GALILEO ACQUISITION CORP. ANNOUNCES PRICING OF $120 MILLION INITIAL PUBLIC OFFERING
18 Oktober 2019 - 12:14AM
Galileo Acquisition Corp. (NYSE:GLEO.U) (the “Company”) announced
today that its Registration Statement on Form S-1 (SEC File No.
333-234049), as amended, was declared effective by the Securities
and Exchange Commission. The closing of the Company’s initial
public offering of 12,000,000 units is expected to occur on or
about October 22, 2019. Each unit consists of one ordinary share,
par value $.0001 per share (“Ordinary Share”), and one warrant,
with each warrant entitling the holder to purchase one Ordinary
Share at a price of $11.50 per share. Each unit will be sold at an
offering price of $10.00 per unit for aggregate gross proceeds of
$120,000,000. Once the securities comprising the units begin
separate trading, the common stock and warrants are expected to be
traded on the New York Stock Exchange under the symbols “GLEO” and
“GLEO WS,” respectively.
The underwriters have been granted a 45-day option to purchase
up to an additional 1,800,000 units offered by the Company to cover
over-allotments, if any.
EarlyBirdCapital, Inc. acted as sole book-running manager.
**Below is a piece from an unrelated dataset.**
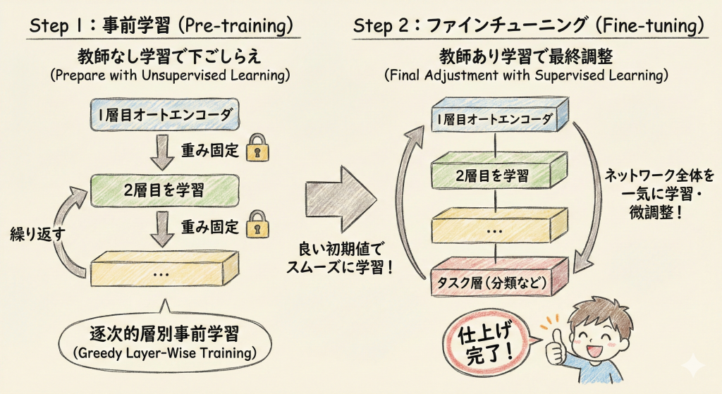 いきなり全体を学習させるのではなく、以下の2段階の手順を踏むのが最大の特徴です。

The
offering is being made only by means of a prospectus, copies of
which may be obtained from EarlyBirdCapital, Inc., 366 Madison
Avenue, 8th Floor, New York, NY 10017, Attn: Syndicate Department,
212-661-0200.
Galileo Acquisition Corp. is a blank check company organized for
the purpose of effecting a merger, capital stock exchange, asset
acquisition, or other similar business combination with one or more
businesses or entities with an initial focus on targets operating
in the Consumer, Retail, Food and Beverage, Fashion and Luxury,
Specialty Industrial, Technology or Healthcare sectors which are
headquartered in Western Europe, with an emphasis on Italian
family-owned businesses, portfolio companies of private equity
funds, or corporate spin-offs, and that have significant North
American exports and a clearly defined North American high growth
strategy. However, the Company’s efforts to identify a prospective
target business will not be limited to any particular industry or
geographic region.
This press release shall not constitute an offer to sell or a
solicitation of an offer to buy, nor shall there be any sale of
these securities in any state or jurisdiction in which such offer,
solicitation or sale would be unlawful prior to registration or
qualification under the securities laws of any such state or
jurisdiction.
Forward Looking Statements
This press release includes forward-looking statements that
involve risks and uncertainties. Forward looking statements are
statements that are not historical facts. Such forward-looking
statements, including with respect to the initial public offering
and the anticipated use of the proceeds thereof, are subject to
risks and uncertainties, which could cause actual results to differ
from the forward looking statements, including those set forth in
the risk factors section of the prospectus used in connection with
the Company’s initial public offering. No assurance can be given
that the offering discussed above will be completed on the terms
described, or at all, or that the net proceeds of the offering will
be used as indicated. The Company expressly disclaims any
obligations or undertaking to release publicly any updates or
revisions to any forward-looking statements contained herein to
reflect any change in the Company’s expectations with respect
thereto or any change in events, conditions or circumstances on
which any statement is based, except as required by law.